C’est comme si on était capables d’effacer toutes nos erreurs de la dernière année pour écrire une nouvelle histoire. Évidemment, on risque d’en répéter quelques-unes, mais consolons-nous en nous disant que ça fait partie de notre charme.

Bonne chose que la tradition de prendre des résolutions pour l’année semble s’être éteinte. Comme ça, on n’a pas à vivre avec la déception de nos échecs dès la fin janvier. La promesse de se remettre en forme au début de l’année reste encore très populaire et si je me fie à la tranquillité des gyms en février, je présume qu’elle va être renouvelée en 2020.

Sincèrement, bonne chance à tous ceux qui prennent encore cette bonne résolution, car, croyez-moi, s’il y en a une qui vaut la peine d’être tenue, c’est bien celle-là.

Volonté testée

En fait, le plus gros problème, c’est que lorsqu’on décide de changer une manie qui nous énerve, on se met trop de pression en partant, on cherche la perfection immédiatement, et juste ça, ça augmente les chances d’échec.

Penses-y, tu essayes de régler un problème qui traîne depuis probablement des années en te disant : « OK ! Le premier janvier j’arrête telle affaire ou j’arrête d’être de telle façon ». C’est pas réaliste, comme si ça se faisait avec un simple souhait.

Les premiers jours, ça se passe généralement bien, mais dès le jour 3 ou 4, le shake commence à te pogner.

Que ce soit la bière qui traîne dans le frigidaire, la cigarette tombée du paquet que t’avais pas ramassée ou encore l’odeur de la poutine trop bien imprégnée dans ton subconscient, le fameux démon qui n’est jamais bien loin recommence sa danse de la joie.

Du coup, ta volonté est testée. Déjà que si elle était plus forte, ça ferait longtemps que le problème serait réglé... mais bon, présentement, c’est pas mal ton meilleur allié.
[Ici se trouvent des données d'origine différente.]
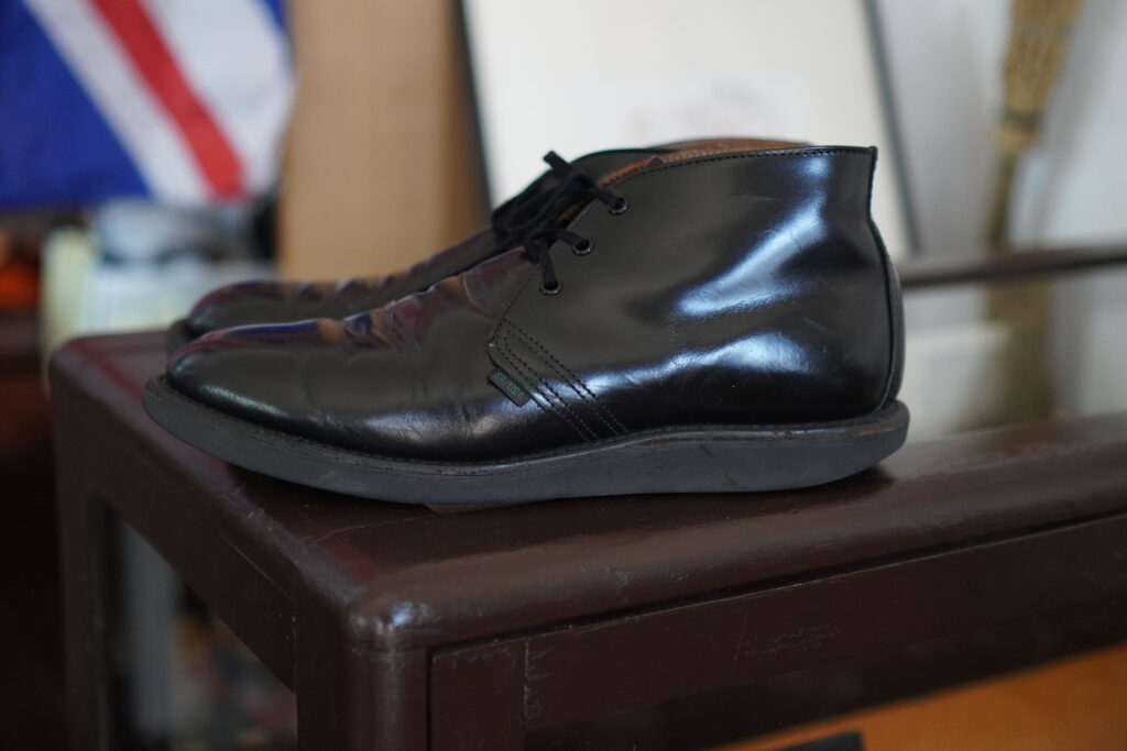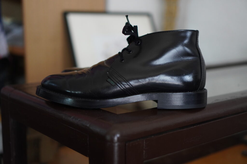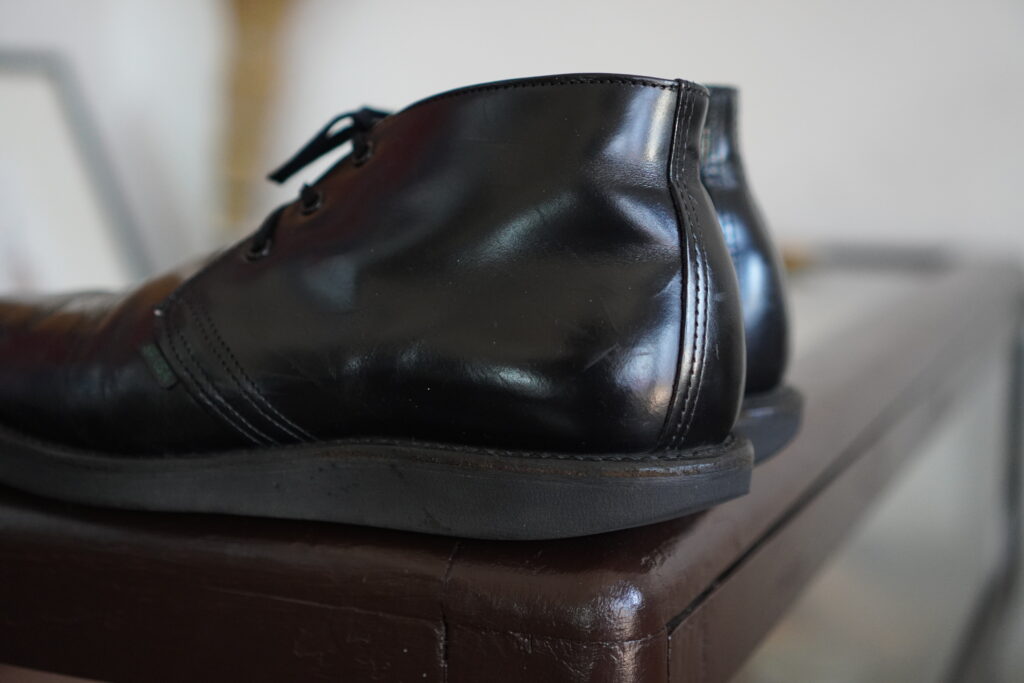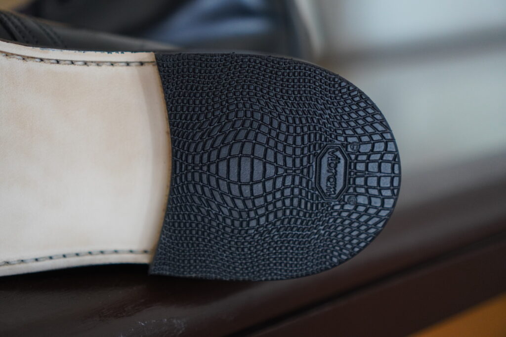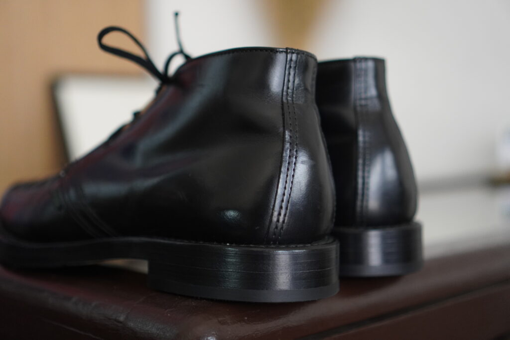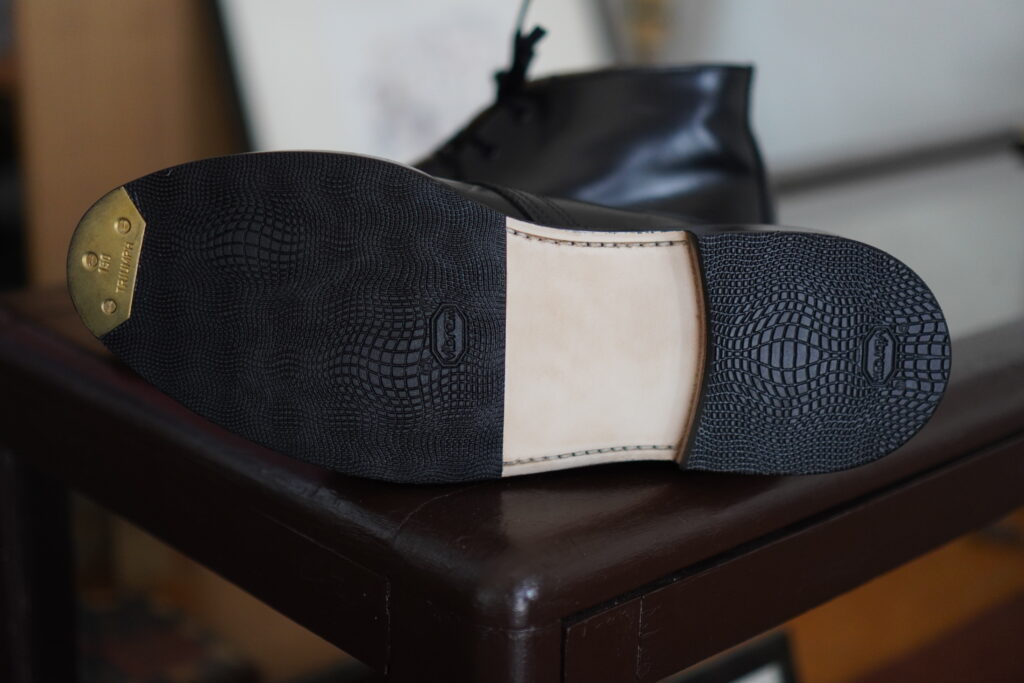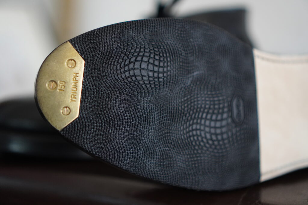 セパレートされたソールによりカカトが付くことでそれだけでも結構雰囲気変わりますがコバをざらつきのない仕上げ、さらにレザーソールでつま先にトライアンフスチールを取り付けるとこれまた一気に見た目変わります。

Tu pars pas à la guerre aussi armé que tu le voudrais, mais au moins, t’as de quoi entre les mains...

Si t’es bon et déterminé, tu vas probablement réussir à durer 2, 3 semaines et, en général, c’est là que la première rechute arrive.

Au lieu d’aller au gym, tu t’es commandé une pizza ou tu as accompagné ton chum qui est allé fumer dehors et tu t’es dit : « OK, juste une. »
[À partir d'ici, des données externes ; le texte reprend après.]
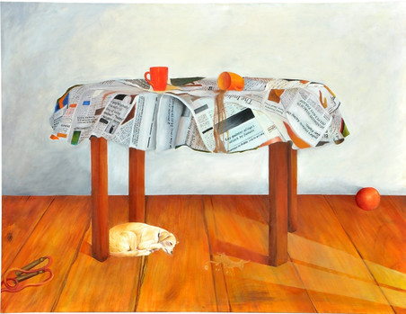 Newspaper series of works, various sizes, Oil on canvas works and at times Mixed Media works
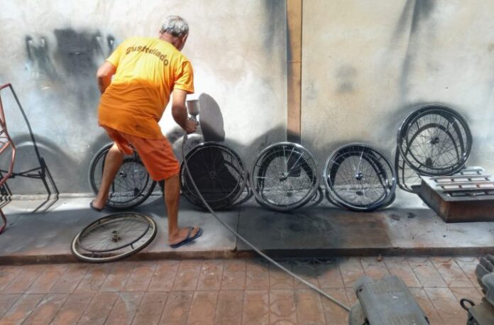 Sucatas de cadeiras de rodas estão sendo reformadas no EPA (Estabelecimento Penal de Aquidauana) para serem doadas a quem precisa, iniciativa inovadora que une ressocialização e assistência à população carente, a exemplo de várias outras ações realizadas em unidades prisionais da Agepen (Agência Estadual da Administração do Sistema Penitenciário) em Mato Grosso do Sul, com retribuição direta à sociedade e ocupação produtiva da mão de obra carcerária.
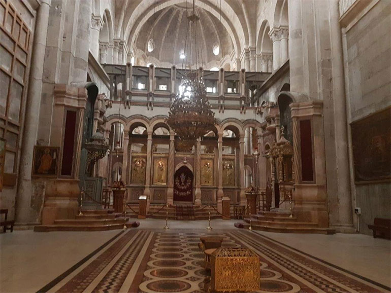 Στο εσωτερικό του μεγάλου ναού, ομάδες πιστών και προσκυνητές περιφέρονται, προσεύχονται, ανάβουν κεριά για να εκφράσουν τον θρησκευτικό τους ζήλο. Οι διαφορές μεταξύ των τελετουργικών, των ρευμάτων και των προελεύσεων ξεθωριάζουν ενώ το θρησκευτικό αίσθημα που μοιράζονται πλημμυρίζει τους προσκυνητές σε κάθε γωνιά του Ναού.
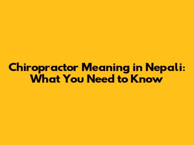 Chiropractor Meaning In Nepali: What You Need To Know
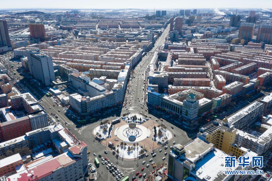 3月6日拍摄的鹤岗市城市景观(无人机照片)。新华社记者 谢剑飞 摄

Tu t’étais promis de rester calme pour la nouvelle année et, tout d’un coup, tu t’es surpris à pogner les nerfs dès que la première chose qui te tape sur les nerfs s’est manifestée.

Un combat sans merci

Et là, c’est le gros drame dans ta tête.

Tu te traites de tous les noms. Tu te dis : « C’est ça, encore une fois, j’ai pas réussi. Je changerai jamais. Je suis juste faible, je suis un loser ».

Et il est là le problème.

Au lieu de mettre l’accent sur les jours où tu as réussi à te retenir, tu restes accroché sur le seul moment où tu as été faible.

Fais le calcul, compte le nombre de jours ou d’heures où ça allait ben ton affaire, versus le nombre de minutes où tu l’as échappé. Il y a une sacrée différence dans le chiffre, non ? Du coup, est-ce que tu vois le ridicule de t’attarder sur le petit chiffre ?

Elle est là, la formule pour gagner ton combat.

Se taper sur la tête est un sport national. Mais la gêne nous envahit lorsque vient le temps de se féliciter et, au bout du compte, c’est vraiment ça, la grosse affaire à changer.

Bonne année tout le monde !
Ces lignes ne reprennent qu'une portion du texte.